Both of these claims are patently false. First, the arrival of Air Force One and Mrs. Jacqueline Kennedy’s departure in a Navy Ambulance with her husband’s body was broadcast on live television and at no time does Joe O’Donnell or anyone resembling O’Donnell approach the ambulance and converse with Mrs. Kennedy.

Second, O’Donnell couldn’t possibly have shown Mrs. Kennedy the original or even a copy of the 8mm [not 16mm] Zapruder film during the time period he claimed without anyone knowing about it – specifically TIME-Life, Inc., which owned the original and jealously guarded it, and the Warren Commission which didn’t begin to study the film until late January 1964. The whole idea of a private showing, especially one in which the only person besides Mrs. Kennedy in attendance was O’Donnell, is preposterous. Further, O’Donnell’s claim that Mrs. Kennedy recalled retrieving pieces of the president’s skull from the trunk lid of the limousine flies in the face of Mrs. Kennedy’s own testimony to the Warren Commission that she didn’t recall climbing on the trunk at all, let alone why she was there, and that looking at images of her doing so was like looking at another woman.

While the facts surrounding O’Donnell’s claims could have been easily checked, the ARRB’s Jeremy Gunn only noted that “Mr.
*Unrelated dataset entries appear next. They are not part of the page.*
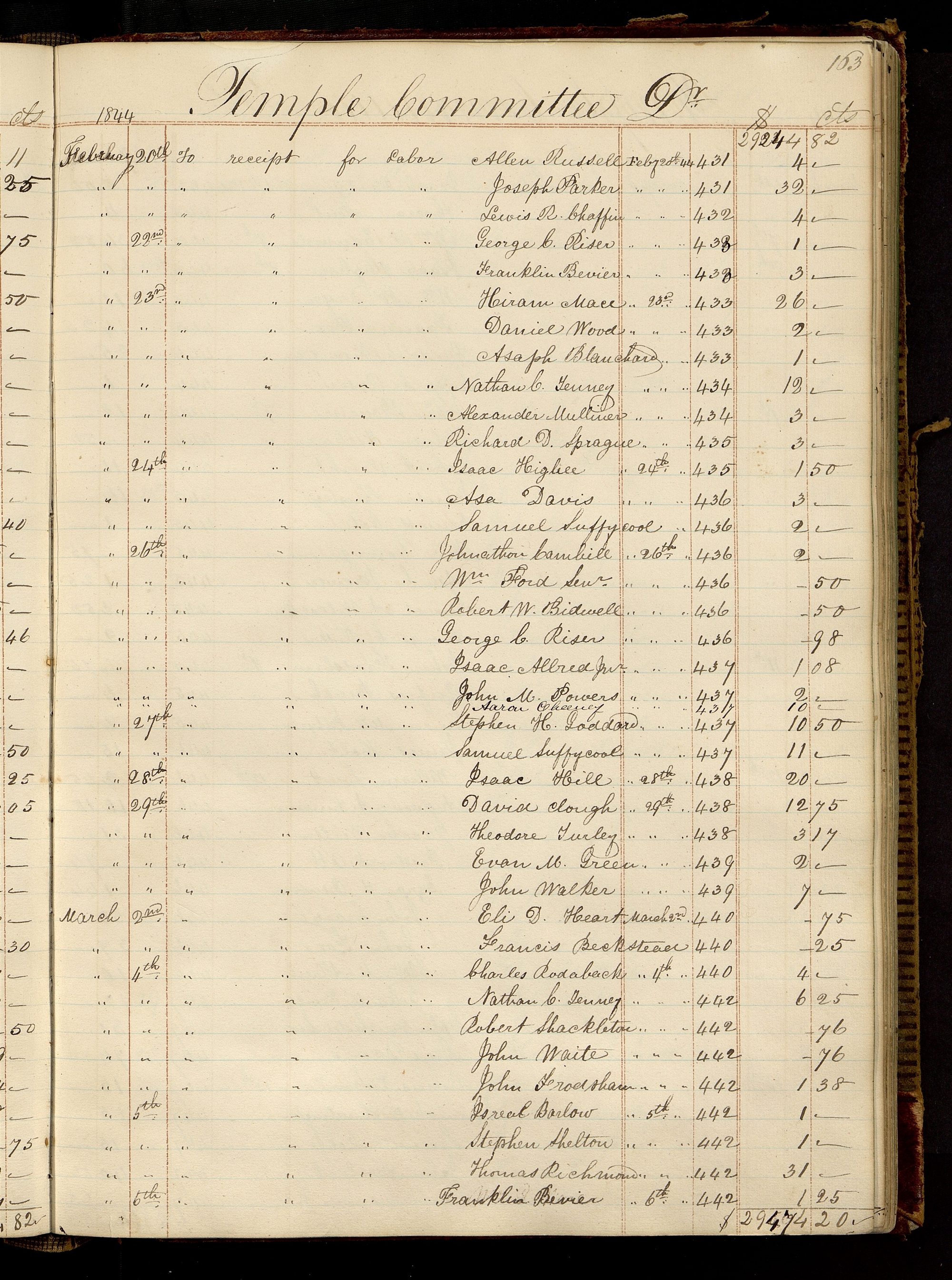 This likely led to the inscription of “Temple Committee Book A” on the spine of the volume. Some have mistaken this as an indication that this record book belonged to the Nauvoo temple committee; however, these are not temple committee records but rather accounts between the trustee-in-trust office and the Nauvoo temple committee.
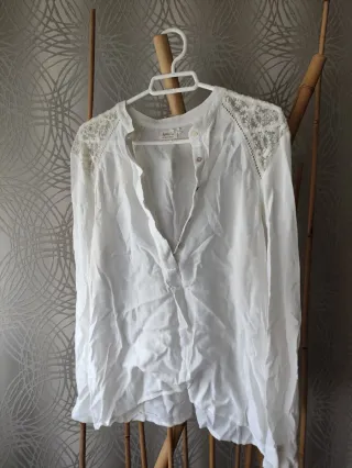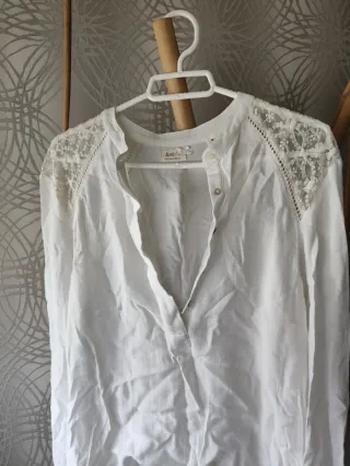 Camisa blanca de manga larga con detalles de encaje en los hombros. Presenta un cuello mao y cierre de botones. - Diseño con encaje en los hombros. - Cuello mao. - Cierre de botones.
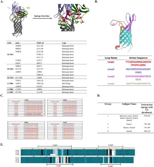 基于Alphafold3和GeoBiologics的預(yù)測(cè)顯示,mAb F2與Omp38胞外區(qū)的四個(gè)loop結(jié)構(gòu)結(jié)合(圖4)。根據(jù)Omp38 loop結(jié)構(gòu)的不同,研究人員將9個(gè)菌株分為四組,并基于同源建模構(gòu)建了四種結(jié)合構(gòu)象。相互作用能計(jì)算分析顯示,mAb F2與Group1(strain3)的結(jié)合親和力最強(qiáng),其次是Group4(strain8),與ELISA分析的結(jié)果一致。
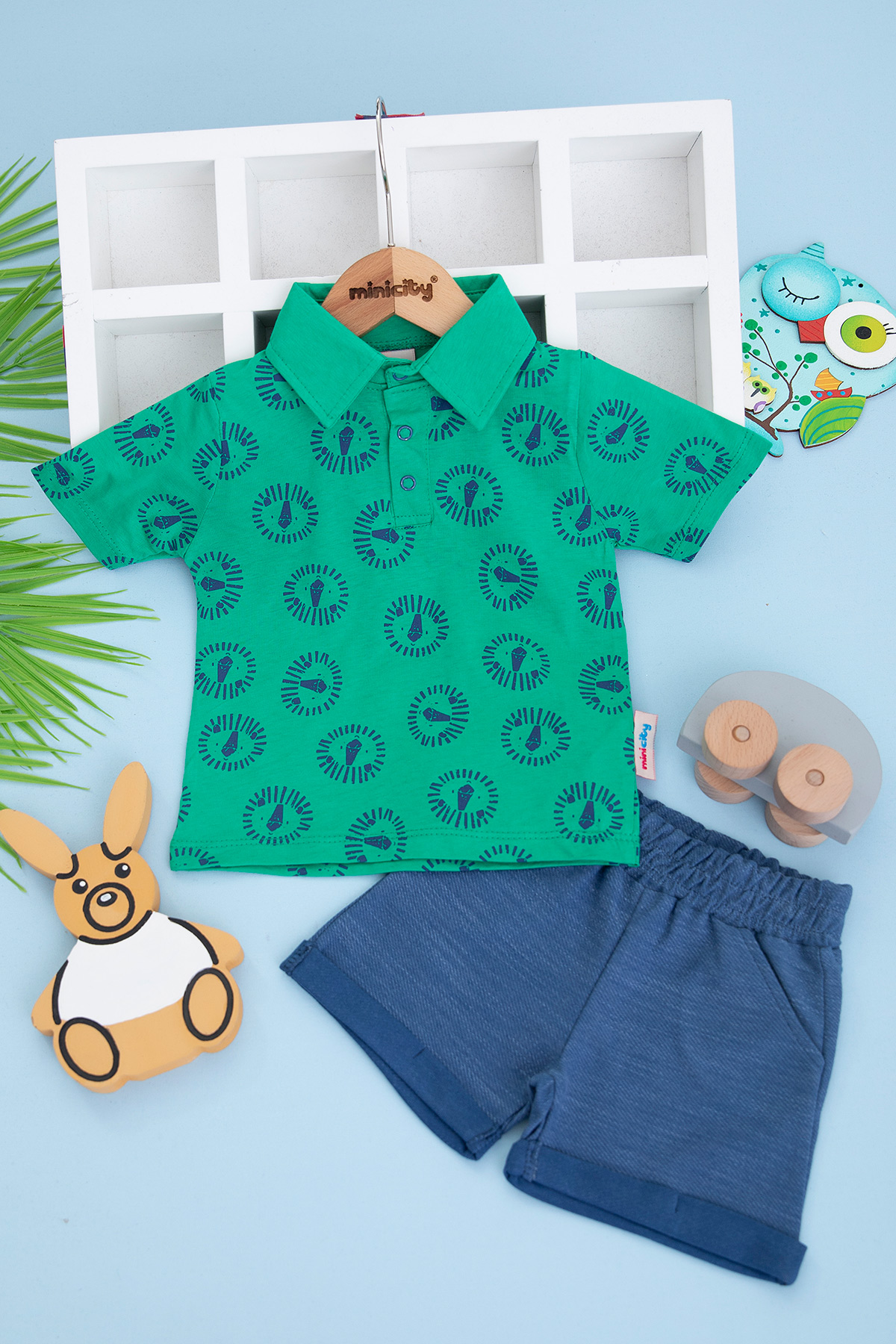 Erkek Bebek Aslan Baskılı Şortlu Takım - 23077 (9-24 Ay)
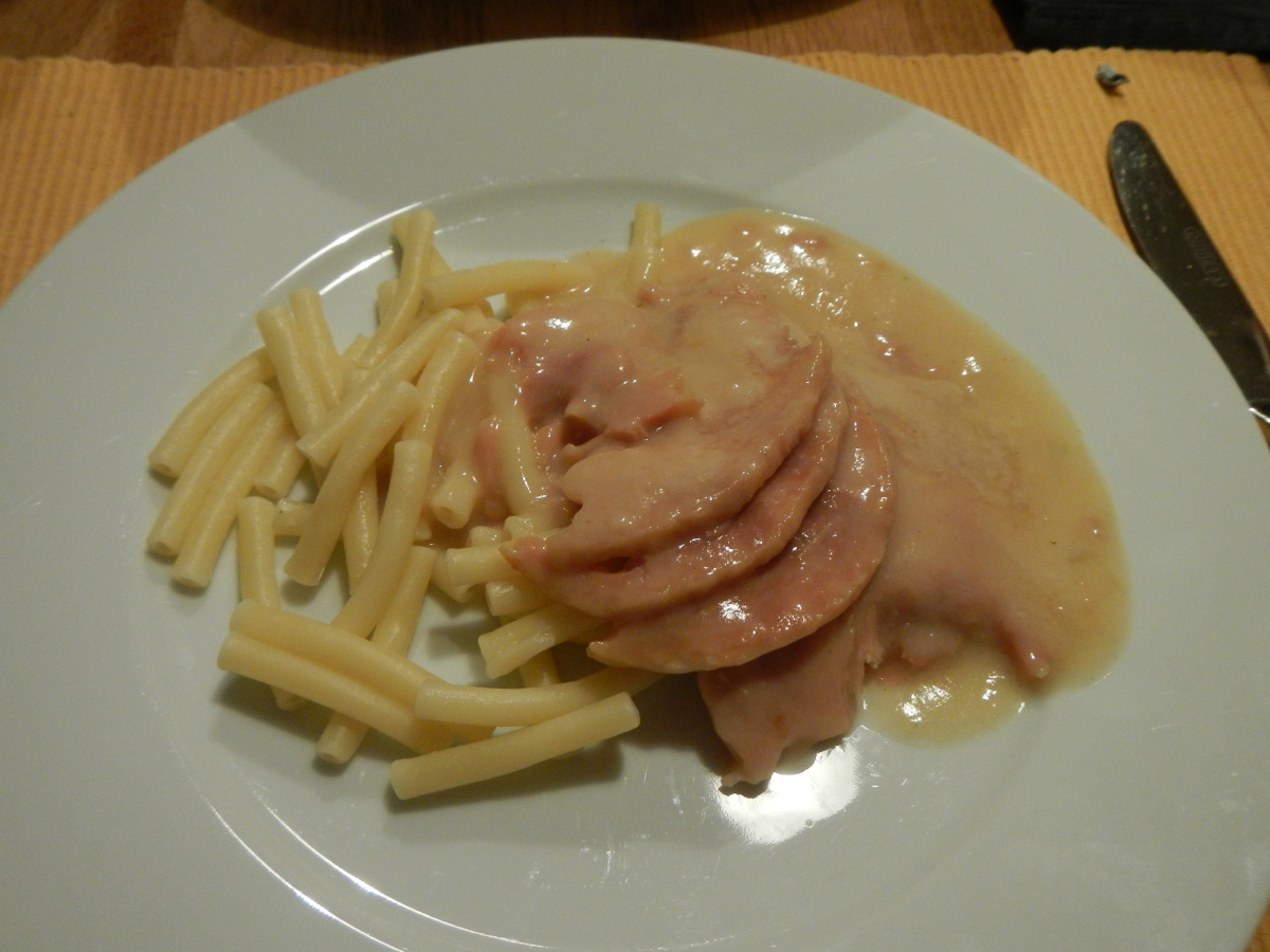 My plate with turkey slice and noodles. The turkey was very tender and I liked the "thin" slices, the gravy had a nice, salty taste. I really like that dish and would have it again. After a little cooling down, you noticed a slightly metallic taste, but we kept eating it.
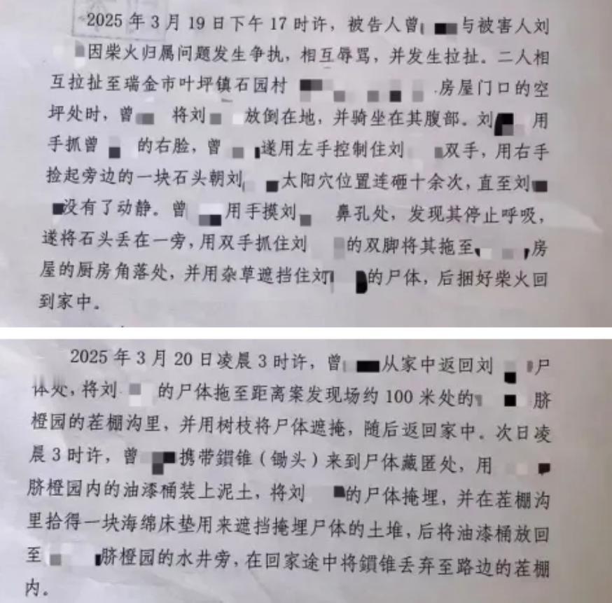 好狠的邻居!江西瑞金,一74岁老太偷取73岁女邻居家的柴火,被发现后两人发生争吵,不料,老太竟直接对女邻居痛下杀手,邻居女儿得知后要求判处老太死刑,可警方回答却令人意外。 曾老太和刘老太是相处了几十年的邻居,谁也无法相信曾老太居然会做出如此禽兽之举。 事情发生在今年3月19日傍晚,曾老太又到了刘老太家门口,准备偷取刘老太家的柴火,此前几次想偷都被刘老太制止了。 这次依然被刘老太听到了动静,两人发生了激烈争吵,在曾老太看来,柴火又不值钱,拿点烧火没什么大不了,可刘老太也节省惯了,自然不愿意别人随便拿她的东西。 两人吵着吵着就打了起来,刘老太个子只有一米五多点,显然不是曾老太的对手,可她也不服软,顽强抵抗。 正在气头上的曾老太随即抄起旁边的石头朝着刘老太的太阳穴狠狠砸去,砸了十几下之后刘老太就没了呼吸。 曾老太先是把刘老太的尸体放在了一处空屋内,第二天凌晨3点就扛着锄头将刘老太拖到了一处野外空地掩埋,为了掩人耳目,刘老太还在掩埋处盖了一个破旧的海绵垫。 事后,曾老太背着柴火回到了家中,一点都不感到紧张。 但若想人不知,除非己莫为,就在一周之后警方还是找上了门。 原来,刘老太有两个女儿,大女儿毛女士之前来回老家看望过母亲,一连几天打电话都没人接,就专门赶了回去,刘老太的老伴说没见到刘老太的身影,可能去了二女儿家。 毛女士又给妹妹打了电话,结果发现刘老太没在她那里,眼看人已失踪多日,毛女士直接就报了警。 警方随即调取了村里的监控,发现刘老太最后一次出现就是在3月19日傍晚,而在她出现过的地方曾老太也几乎同一时间出现。 警方随即对曾老太进行了审讯,曾老太直接供述了犯罪经过。 更让警方没想到的是,曾老太不仅没有试图抵赖,反而一直嚷嚷着刘老太该死,还说“她不禁打”,都是乡里乡亲,警方也无法理解曾老太居然会为了一捆柴火就敢直接杀人。 毛女士得知事情真相后十分愤怒,她只想让法院判处曾老太死刑,杀人偿命,她要给母亲讨一个公道。 可警方却说曾老太已经年过7旬,又没有实际的证据证明她杀了人,恐怕很难符合死刑的标准。 目前,该案件正在已故意杀人罪处理当中,法院将择期宣判。
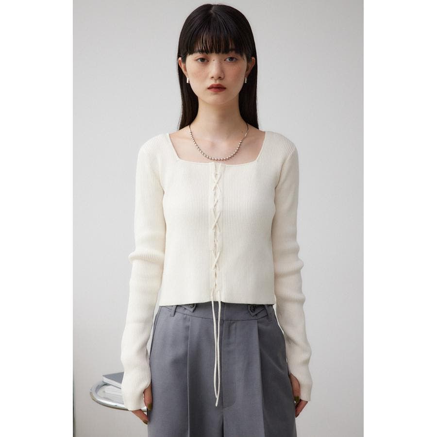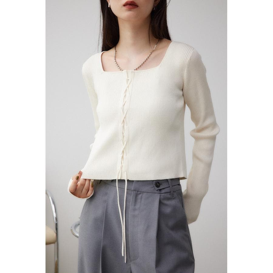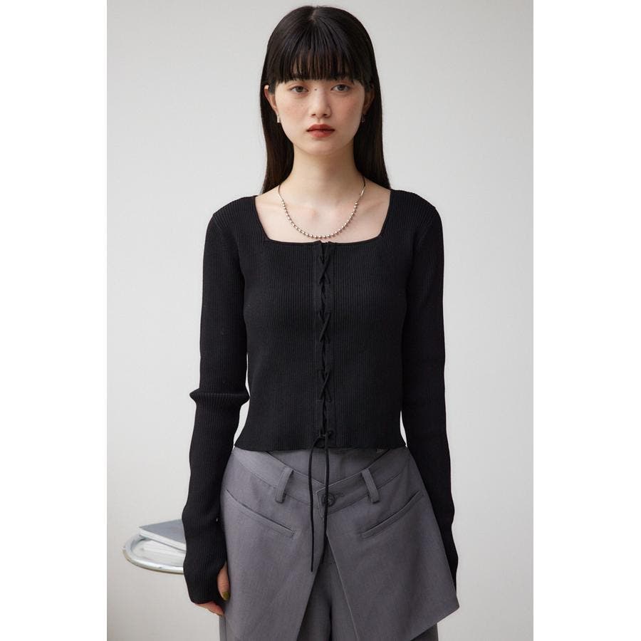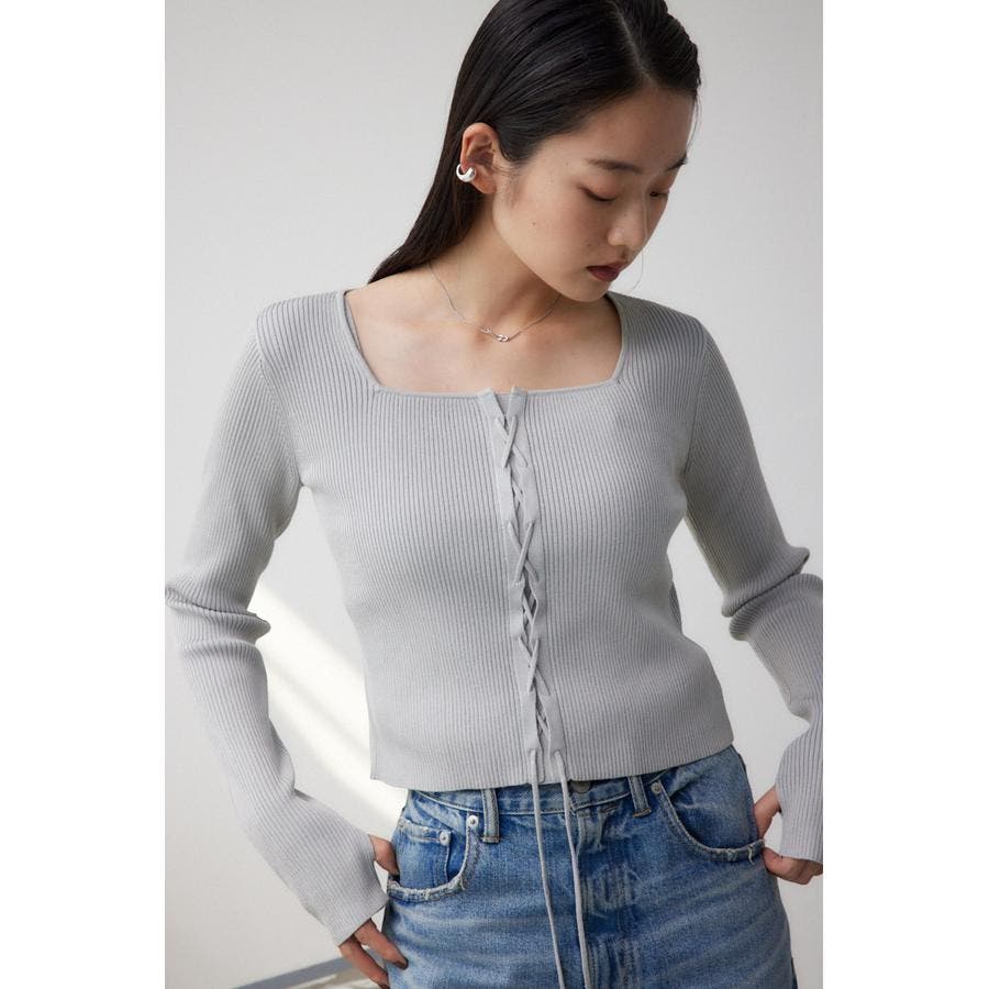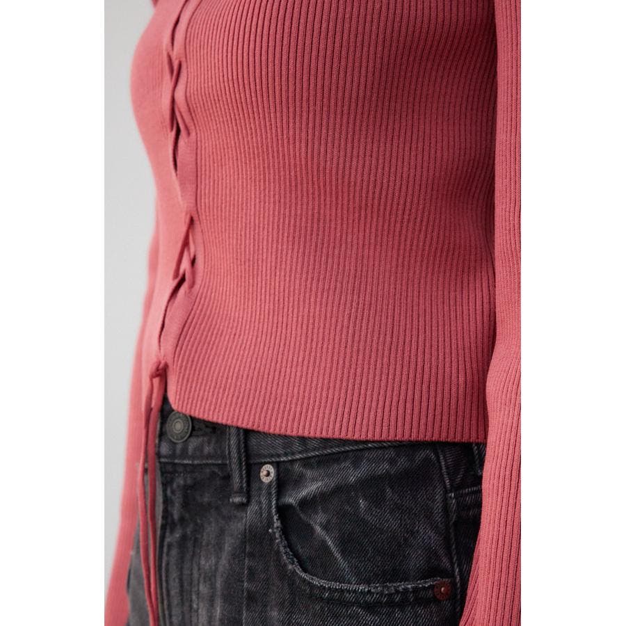 フロント部分のレースアップデザインがポイントのリブニットです。

O’Donnell’s memory was uneven” and that while he had difficultly remembering the names of Presidents, and gave a different timing on when Knudsen showed him the Kennedy’s post-mortem photographs (the first time he said he saw them within a week of the assassination; the second time he said it was within a month), Gunn nevertheless concluded – as if to save O’Donnell’s credibility: “On the other hand, [O’Donnell] appeared to remember with apparent precision some events from the 1940s through the 1960s.”

Scheez. Is this how conspiracy theorists get to the truth of the matter? You bet it is, and has been for the better part of four decades. And you can also wager that the conspiracy crowd will continue to play these kinds of shell games with the true facts as long as they can – just as they have with the testimony of the late Joe O’Donnell. Count on it.